But the new networks are not if fined the leaves appear

The booklet is an issue of conquest customer, but also a formidable lever to drain of deposits on the balance sheet of banks. A sensitive subject with the lack of liquidity which they currently suffer. By commoditization, some new distributors had relied on transfers of the order of EUR 25 billion from the historical distribution system. All institutions have therefore led negotiations very aggressive with the Treasury to secure key sharing of these more than 160 billion euros of savings without counting the upcoming collection.

Final rules must limit this potential "siphon" of the resources of the historic banks by the news. So far fully centralized by the Caisse des Dépôts et Consignations, the booklet A is more long term to about 70, in the same envelope with the sustainable development booklet (ex-money). The Finance Minister Christine Lagarde said that this percentage was calculated so that there is no more cash on the balance sheet of banks after that before 1 January.
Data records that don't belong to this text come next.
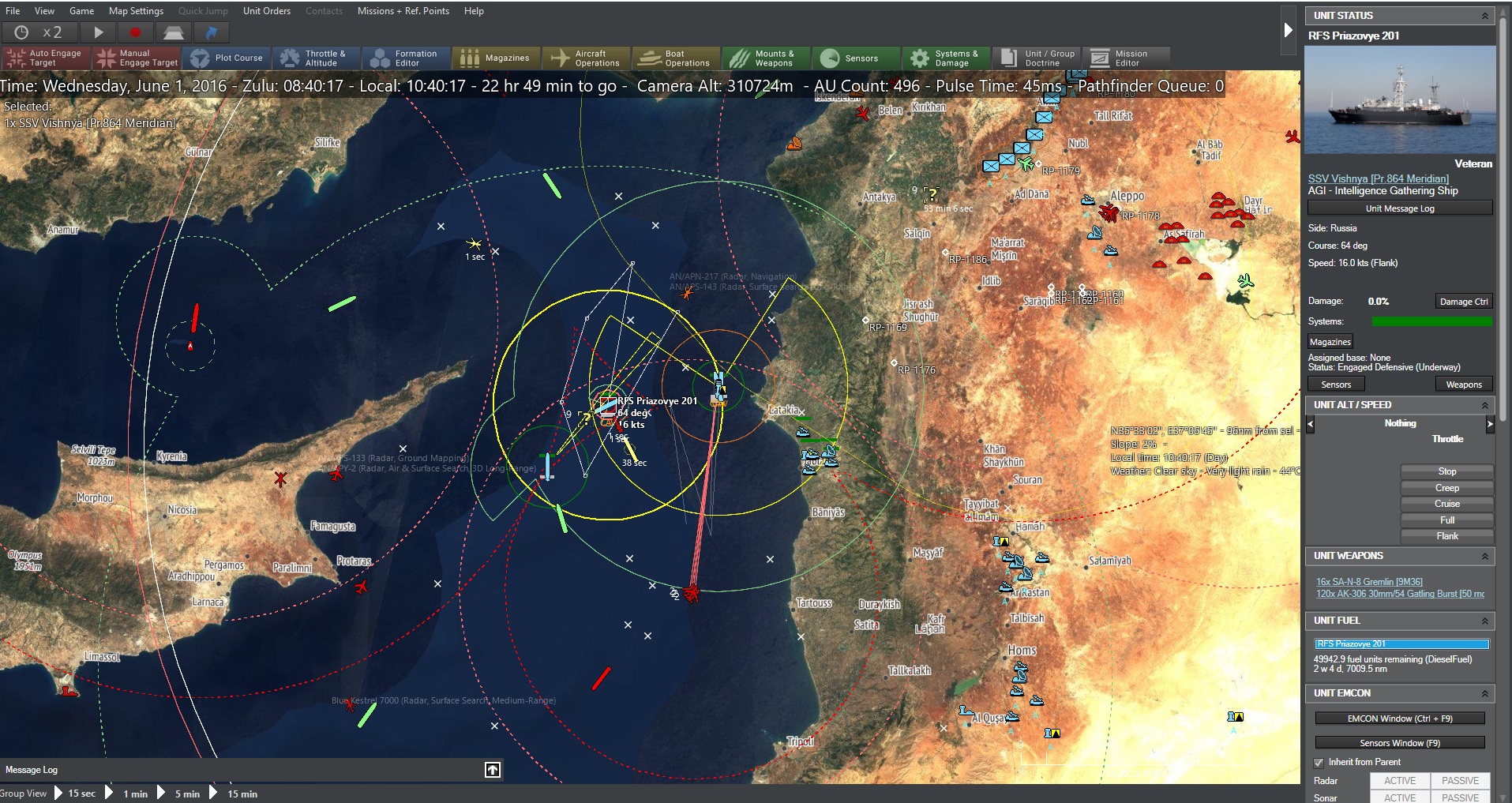 The weather today is hot and somewhat hazy. Your forces represent the best in the Russian military, a mix of over 40 aircraft from the most modern fighters to unmanned surveillance drones, the best SAM system in the world, two of the quietest submarines available and one of the most potent ships afloat patrolling off the coast. Still, you are surrounded, vulnerable and outnumbered.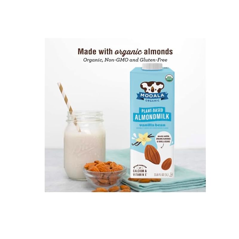 Mooala – Organic Vanilla Bean Almondmilk, 33.8 oz (Pack of 6) – Shelf-Stable, Non-Dairy, Gluten-Free, Vegan & Plant-Based Beverage 69002402
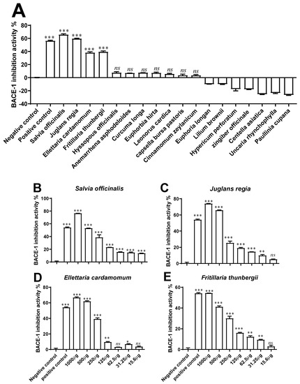 β-secretase (BACE-1) inhibitory activity of plant extracts. (A) Plant extract (n = 18) concentrations were initially screened at a concentration of 500 µg/mL; (B–E) the concentration-dependent activities (15.6–1000 µg/mL) were then determined for four selected phytoextracts, i.e., S. officinalis, J. regia, E. cardamomum, and F. thunbergii. The inhibitory activity was determined by using a standardised BACE-1 Activity Detection Kit, with KF-14 (25 µM) used as a positive control. * p < 0.05, ** p < 0.01, and *** p < 0.001 compared with negative control (vehicle control, i.e., 1% DMSO in ddH2O). ns (not significant).
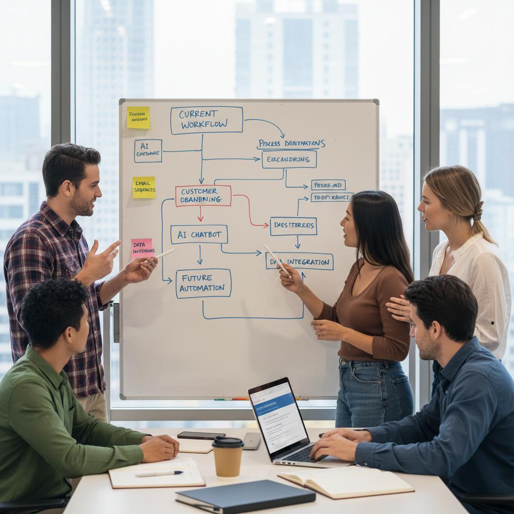 Alt text: Small business team conducting automation planning session, mapping workflows and automation opportunities.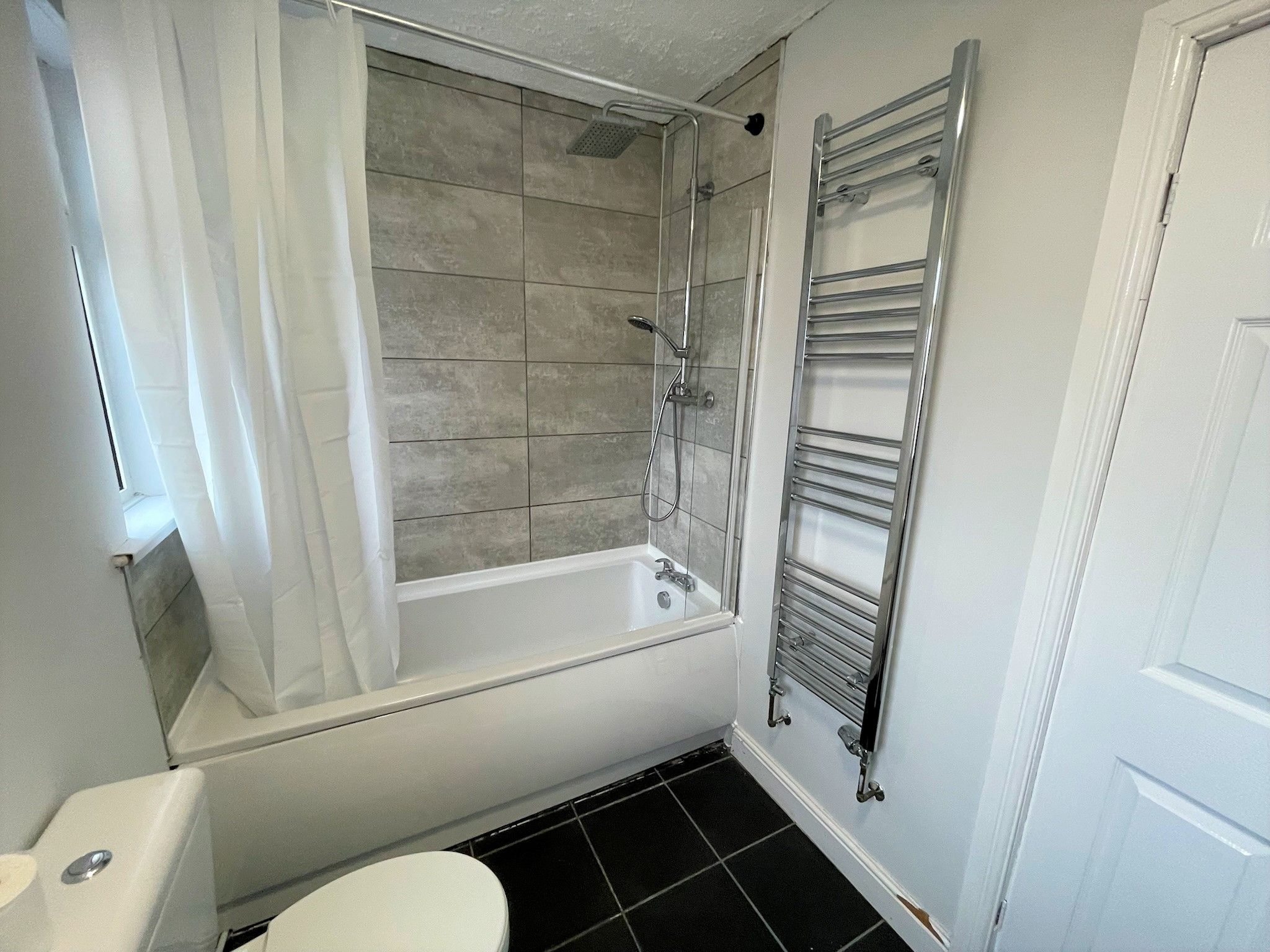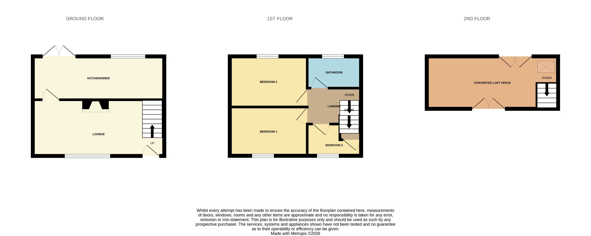 The ground floor of this property is open plan, which gives a real flow and allows natural light to flood in. The lounge section is a generous size and features a good number of power points with a feature fireplace with electric fire, the kitchen/dining area has been finished with white high gloss units with contrasting worktops, Gas hob with Electric Oven along with ample space for family dining table. The first floor comprises of a spacious master bedroom to the rear, a second good sized bedroom and third single bedroom with access to the loft room, with the chimney stack being removed. The modern family bathroom has been tastefully fitted with chrome bathroom fixtures such as rainfall shower, heated towel rail and chrome mixer taps.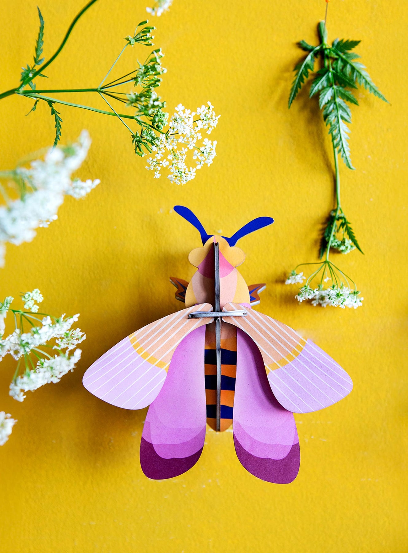 The Pink Bee by Studio ROOF is a stunning 3D wall art piece inspired by the beauty and importance of pollinators. Crafted from recycled cardboard and printed with vegetable inks, this sustainable creation adds a playful burst of color and creativity to your home.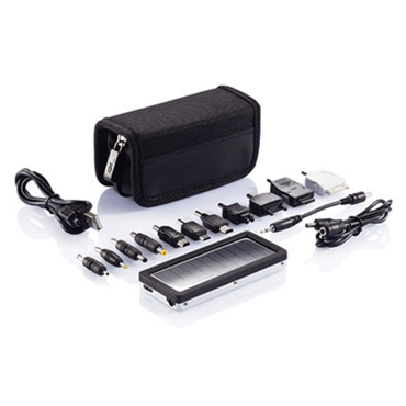 Set solaire avec batterie lithium rechargeable de 950mAh. Sortie 5V/max. 800mA et 12 adaptateurs différents pour téléphones mobiles, 1 câble USB (entrée) et 1 câble de connexion (sortie). Y compris pochette noire zippée avec patch en PU.

In the meantime, he was arrested that single collection made in 2009 would be distributed in 2009 between old and new entrants and beyond a threshold of EUR 160 billion, centralized at the Caisse des Dépôts only. Old and new networks will share the collection into two equal parts, to not to penalize the historical networks: one as a percentage of the initial stock, the other based on stream of new collections.

Safeguards

Yet the new distributors don't want lower arms. They had struggled, unsuccessfully, to make it the date of July 31, 2008, and not that of December 31, 2008, which is used as a count of the new collection to share in the booklet. They wanted to enjoy them also the transfer of savings to the booklet A paid 4. In fact, the squirrel had calculated in August a potential positive impact of 17 to 20 billion on its balance sheet through the increase in the rate of the booklet. As at the same time, rising to 4 of the booklet A forced new distributors to raise the pay of their savings products, namely a cost of EUR 2 billion in the full year.

They also chafe at the additional security obtained by the Caisse des Dépôts et Consignations on the threshold of $ 160 billion. For collection decrease, or even decline in the stock below this threshold, banks will in fact not resources to share. These safeguards in place to maintain balances, including the financing of social housing, annoy some to the point that Credit Agricole, first to go to war against the monopoly of the Livret A, does not exclude actions against this device. But the new networks are not if fined the leaves appear. They got the early liberalization, in the fall, the booklets popular savings passbooks for sustainable development, or some EUR 15 billion. They will also benefit such as historic, the repayment of a portion of the capitalised interest, an amount of EUR 10 billion for the coming three years.

Finally, the remuneration of the booklet A decline, if it occurs, their is not damaging. Mechanically, they will have less to pay their other savings products. Savings of liquidity perspective.